Unreliable allergy testing puts lives at risk
Key Takeaways
Commercial fish extracts are often used in skin-prick testing (SPT) for diagnosing fish allergy—but they are insufficient for reliable testing and may be jeopardizing lives, according to the results of a recent Australian study published in Allergy.
“We urgently need reliable tools to diagnose fish allergy, a serious and often life-threatening immune disease. Current tests can be falsely negative, putting lives at risk,” said lead author and PhD candidate Thimo Ruethers, Australian Institute for Tropical Health and Medicine (AITHM), and Molecular Allergy Research Laboratory, College of Public Health, Medical, and Veterinary Sciences, James Cook University (JCU), Townsville, Queensland, Australia.
Fish allergy is serious business, affecting up to 3% of the general population and up to 8% of fish-processing workers. Although rare, this food allergy can result in life-threatening anaphylaxis.
Over 1,000 species of fish are consumed globally. However, only 30 commercial fish extracts (largely European species) are available for SPT, which may leave some allergen-sensitive populations vulnerable. This gap in available fish extracts, coupled with the lack of regulatory standardization of protein and allergen content, has called into question the integrity of SPT results.
“There are no regulations requiring the standardization of commercial preparations for skin-prick testing, while improved preparations are pricey and often impossible to get,” said senior author Andreas L. Lopata, PhD, professor, AITHM, and Molecular Allergy Research Laboratory, College of Public Health, Medical, and Veterinary Sciences, JCU.
For this study, the researchers assessed protein and allergen concentrations from commercial fish extracts using serum from fish-allergic patients. Specifically, they examined 26 commercial SPT fish extracts from five different manufacturers—representing 11 fish families or groups, including mixed species. Biochemical and immunological analysis of complete protein and allergen content was determined via immunoblotting and advanced mass spectrometric analysis.
The investigators aimed to be as robust as possible in their analysis, and sought out allergens including parvalbumin, tropomyosin, aldolase, and collagen. They also examined molecular IgE reactivity using serum from 16 fish-allergic children hailing from the Southern hemisphere. These children were mostly allergic to cod, tuna, and salmon.
In all, high variability in the protein and allergen content appeared to plague fish SPT extracts, thus floundering their accuracy.
“We found the amount of allergens present varied greatly, and in some preparations major fish allergens could not be detected. This means many skin prick tests that show a person being tested is not allergic to fish may be wrong,” said Ruethers.
Total protein concentrations among the 26 fish extracts varied by up to 17-fold, from the lowest in flounder-2 (0.17 mg/mL) to the highest in tuna-1 (2.94 mg/mL). Parvalbumin, a major fish allergen, was not detected by immunoblotting in 6 of 26 extracts. Five known fish allergens were detected by mass spectrometry in 7 of 12 extracts.
With respect to cod and tuna, nearly 70% of patients exhibited the strongest IgE reactivity to collagen, tropomyosin, aldolase A, or β-enolase, but not parvalbumin. Although parvalbumin accounts for 70% to 95% of allergic fish reactions, 9 of 16 fish-allergic study participants also demonstrated strong reactivity to collagen, suggesting the importance of additional fish allergens among the various fish species.
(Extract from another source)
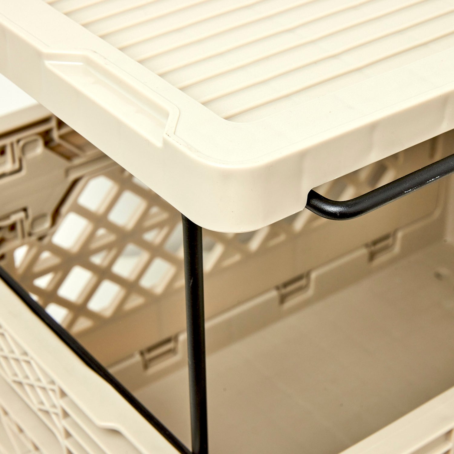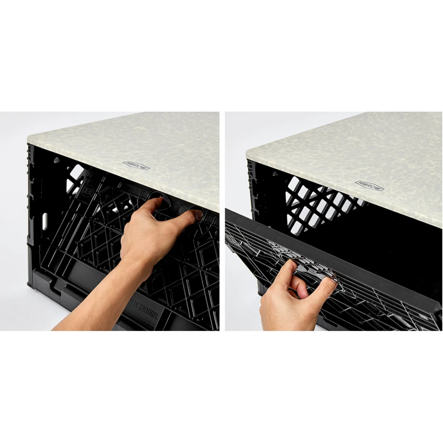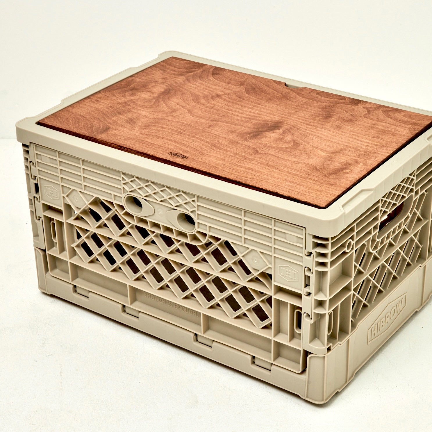 従来のウッドの天板に比べて約40%軽量で扱いやすく、汚れや水濡れにも強いのが利点。強度が高く変形にも強いので、屋外での使用にもぴったりです。上にウッドのFLIP TOPを重ねて使うこともできる上に、FLIP SHELFがシンデレラフィットするのもこだわり。FLIP BOXを畳んだ状態で乗せることも、FLIP TOP PLASTICをしたままFLIP BOXを重ねることも可能。FLIP BOXの拡張性をさらに広げるアイテムです。耐荷重5kg

“Many commercial fish extracts contain insufficient amounts of allergens such as parvalbumin and collagen, resulting in low IgE reactivity and limited suitability for reliable in vivo allergy testing,” concluded the authors. “We recommend either standardization and regulation of protein concentration and profiles in commercial allergen extracts or the use of improved in vitro diagnostics implementing a large variety of fish species and purified allergens.”